Starting
in January 2017, Google plans to crack down on intrusive ads that interfere
with mobile content, the internet giant said Tuesday, according to a report in
zdnet.com.
Certain
pages with pop-ups that interfere with content, called interstitials, may not
rank as highly in search results, Google product manager Doantam Phan explained
in a blog spot.
Some
examples of interstitials that Google plans to discourage are pop-ups that
cover a page's main content, standalone interstitials that have to be dismissed
before accessing the main content, and interstitials that dominate the
"above the fold" portion of a mobile page -- an ad that would force a
user to scroll down to view the page's main content.
Phan
stressed that this is just one of hundreds of "ranking signals"
Google uses to rank pages. “The intent of the search query is still a very
strong signal, so a page may still rank highly if it has great, relevant
content,” Phan wrote.
Last
year, Google took steps to discourage interstitials that asked a user to
install a mobile app. “As we continued our development efforts, we saw the need
to broaden our focus to interstitials more generally,” Phan wrote.
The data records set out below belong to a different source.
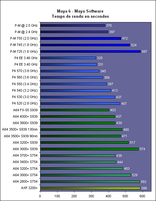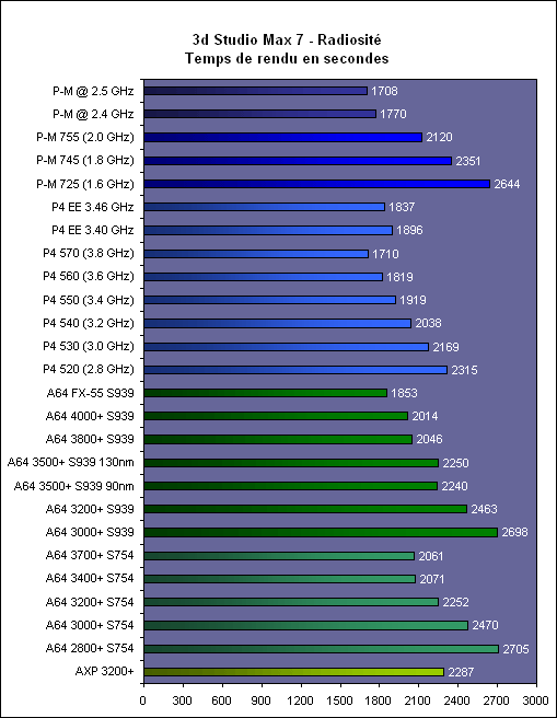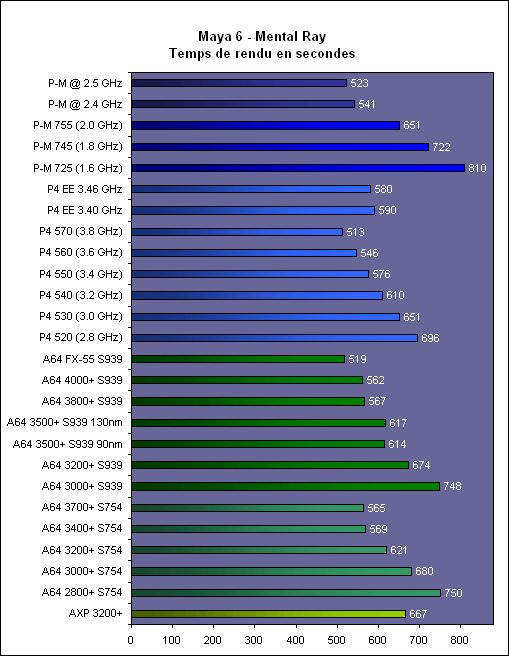 Dans notre seconde scène de test utilisant le moteur de rendu Mental Ray, le P-M à 2.0 GHz offre les mêmes performances qu’un P4 3.0 GHz, et se situe entre les A64 3500/3200+ en S939 et 3200+/3000+ en Socket 754. A 2.5 GHz, le Pentium M n’a rien à envier aux P4 570 a 3.8 GHz / Athlon FX-55.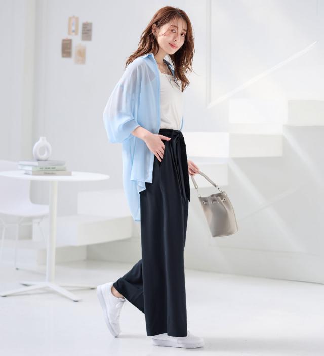 ■素材:■ 品質/ポリエステル95%・ポリウレタン5%、● ウエスト後ゴム使い、● ポケット有、● ベルト通し付、● 共布ベルト付、、【嬉しい4つの機能付】、<UV対策>紫外線からお肌を守ります!、<吸水速乾>汗ばむ季節もベタつきにくく、爽やかな肌ざわり。、<接触冷感>ふれた瞬間、肌にヒンヤリ。、<抗菌防臭>気になる臭いに安心感♪(※全ての菌に対する効果ではありません) 、、………………………………………、透け感:なし、厚さ:普通、伸縮性:あり、裏地:なし、ポケット:あり、………………………………………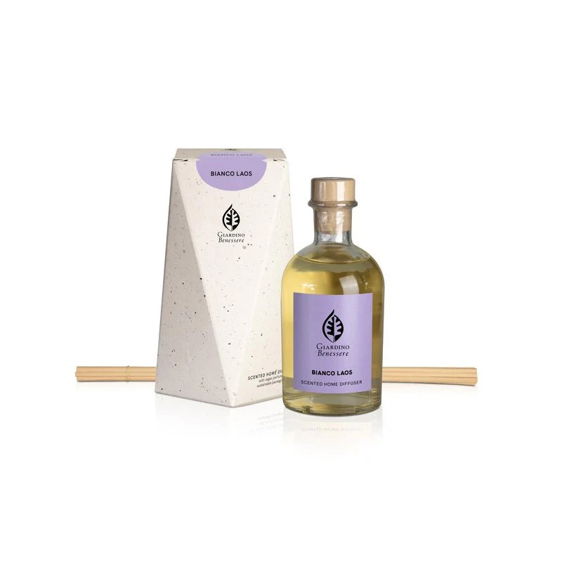 Bianco Laos se inspira en un viaje por los sonidos y modas hippies de los años 70, pero con un carácter contemporáneo y muy metropolitano al mismo tiempo. Una pieza icónica de la colección Giardino Benessere, creada por Paolo y Tiziana, para glorificar los años de Paz y Amor con una creación de carácter fuerte, provocativo y narcótico, capaz además de ampliar el órgano olfativo de esta colección revolucionaria para todos los artistas de capas. Bianco Laos se abre con un bouquet floral especiado, chispeante e hipnótico, donde resuenan la pimienta rosa y el castaño, envueltos en la seducción del clavel rojo y el iris morado.

That initial
effort is now combined with this new, broader check on interstitials.
There
are some types of interstitials that will not be affected by Google's new
"signal." Those include pop-ups that carry some legal obligation
(such as a prompt to verify a user's age), login dialogs on sites where content
isn't publicly indexable, or banners that use a "reasonable" amount
of screen space and are easily dismissible.